I never bothered running nsxiv under thread sanitizer because it's a single threaded program, but TSan seem to be useful even outside of threads. In this case, it caught the sig-handler spoiling the errno #411
Might be bit of a stretch but it's possible that the sighandler's spoiled errno was causing xlib to incorrectly assume some error occurred and thus causing the crash.
EDIT: See the comment below (#391 (comment)) for reproduction steps if anyone else wants to try it out.

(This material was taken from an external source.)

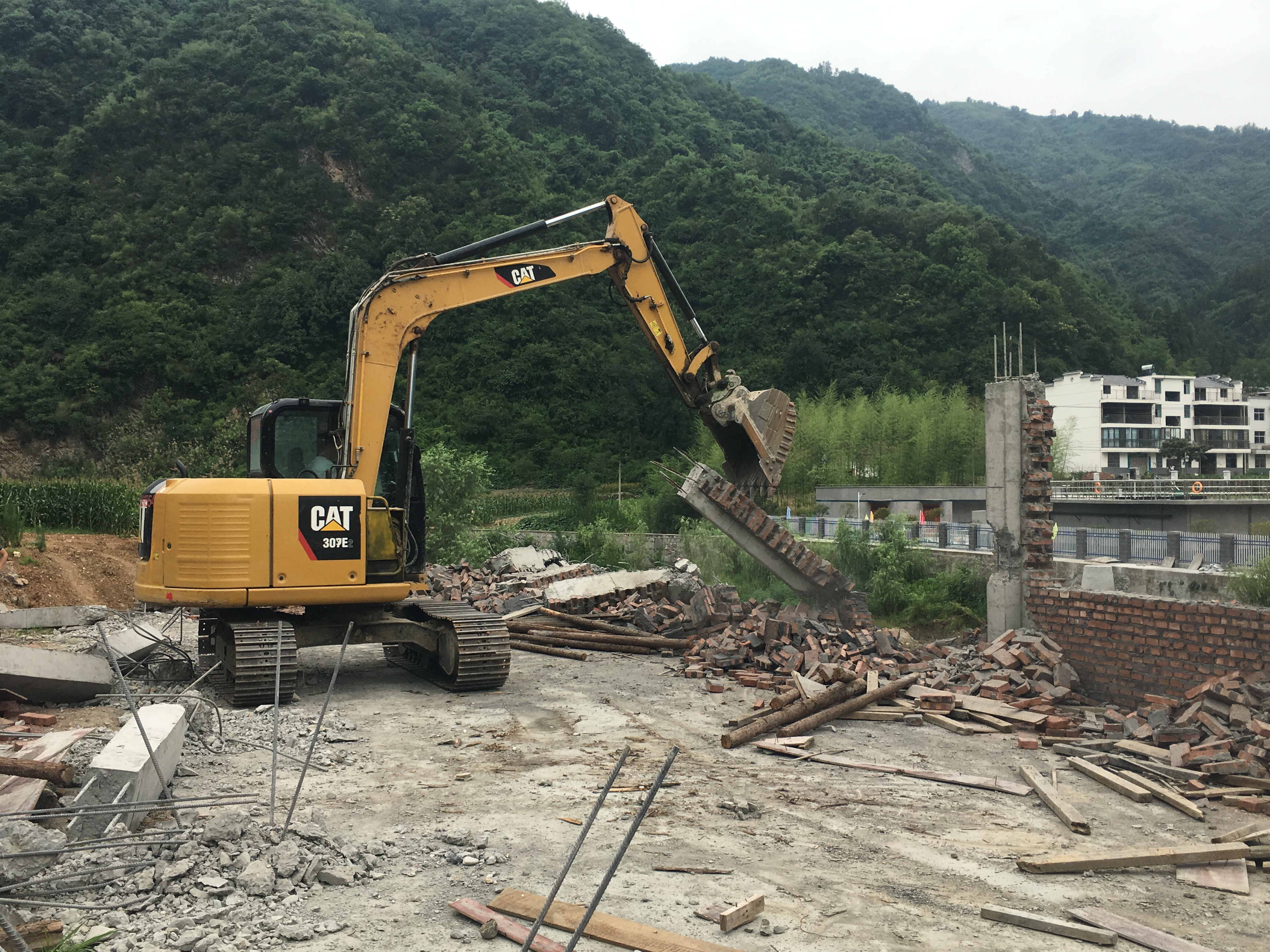 今日竹山网消息 未经过任何手续批准,在河道边进行违法建设行为,既损坏村貌,又污染水体。7月11日,县城管执法局联合地方政府对楼台乡三台村一处违法建筑物进行依法拆除。

Now that I'm looking at it again,
No child processes
andNo such process
seems awfully like it's a spoiled errno bywaitpid
. So I'm quite hopeful that #411 might just be the correct fix for this.Just realized that if the sighandler was really the cause of this then it should be easy to reproduce.
var=$(pidof nsxiv); while :; do kill -s SIGCHLD $var; done
And boom! I can consistently reproduce it on
master
now within seconds. Putting thepid
into a variable was actually important because doing$(pidof nsxiv)
inside the loop actually makes it really hard to reproduce the issue, I presume because of the extra process invocation it was sending less SIGCHLD and so putting it into a variable avoids that overhead and is able to generate more signals.Trying to do the same on #411 works fine without any crash. So yeah, that confirms that the spoiled
errno
was definitely the cause of the crash.